### YOUR GOAL
Look in the listing below for the line that has "演讲比赛在《团歌》中正式开始", then return it and each following line up to and including the one with "今日は摘み取った草花を使って、教室で観察記録を作成しました。", exactly and without pictures.
** Opening SUPPLIED RECORDS block **
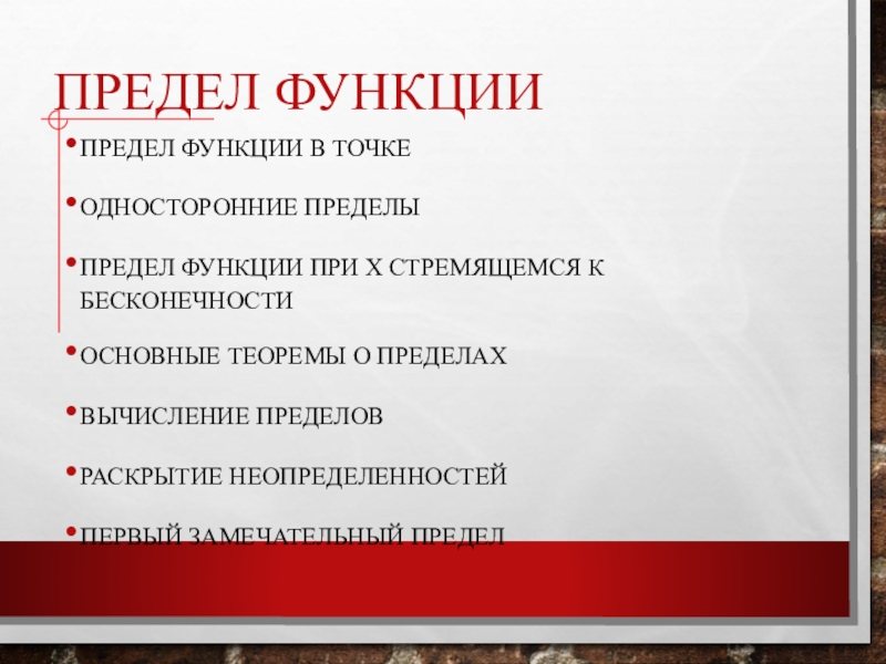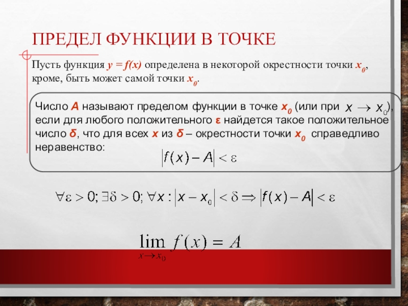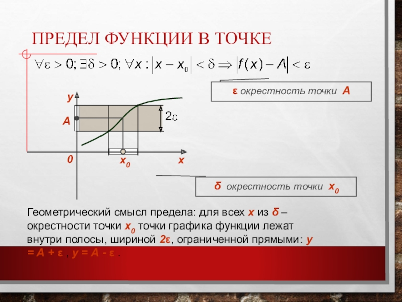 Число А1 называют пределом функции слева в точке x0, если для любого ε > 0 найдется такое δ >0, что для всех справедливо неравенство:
** Closing SUPPLIED RECORDS block **
** Opening SUPPLIED RECORDS block **
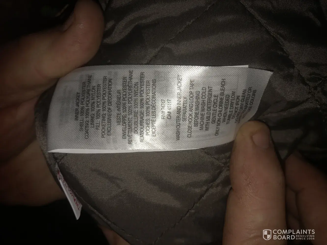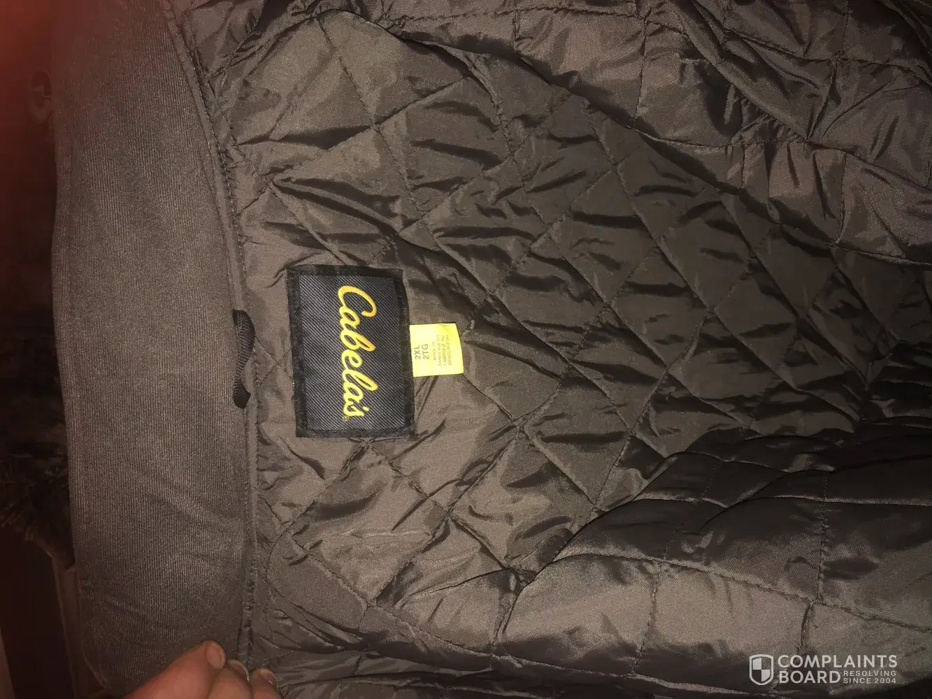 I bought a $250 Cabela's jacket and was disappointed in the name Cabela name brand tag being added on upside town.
** Closing SUPPLIED RECORDS block **
** Opening SUPPLIED RECORDS block **
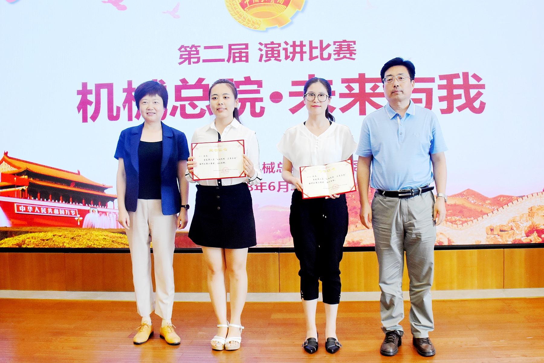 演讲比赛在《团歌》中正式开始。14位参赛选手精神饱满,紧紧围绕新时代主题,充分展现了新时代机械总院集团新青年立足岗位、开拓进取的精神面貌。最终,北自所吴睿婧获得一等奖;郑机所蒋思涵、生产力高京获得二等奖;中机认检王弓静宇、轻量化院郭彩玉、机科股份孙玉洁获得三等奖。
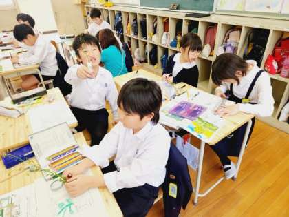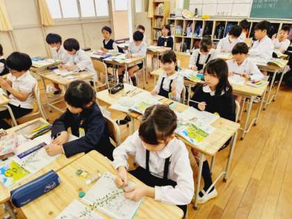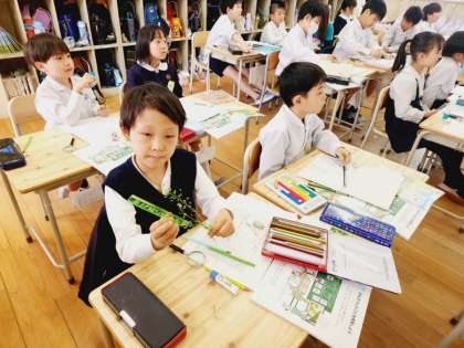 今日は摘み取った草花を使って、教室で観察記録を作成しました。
** Closing SUPPLIED RECORDS block **
### RESPONSE AREA
 演讲比赛在《团歌》中正式开始。14位参赛选手精神饱满,紧紧围绕新时代主题,充分展现了新时代机械总院集团新青年立足岗位、开拓进取的精神面貌。最终,北自所吴睿婧获得一等奖;郑机所蒋思涵、生产力高京获得二等奖;中机认检王弓静宇、轻量化院郭彩玉、机科股份孙玉洁获得三等奖。
 今日は摘み取った草花を使って、教室で観察記録を作成しました。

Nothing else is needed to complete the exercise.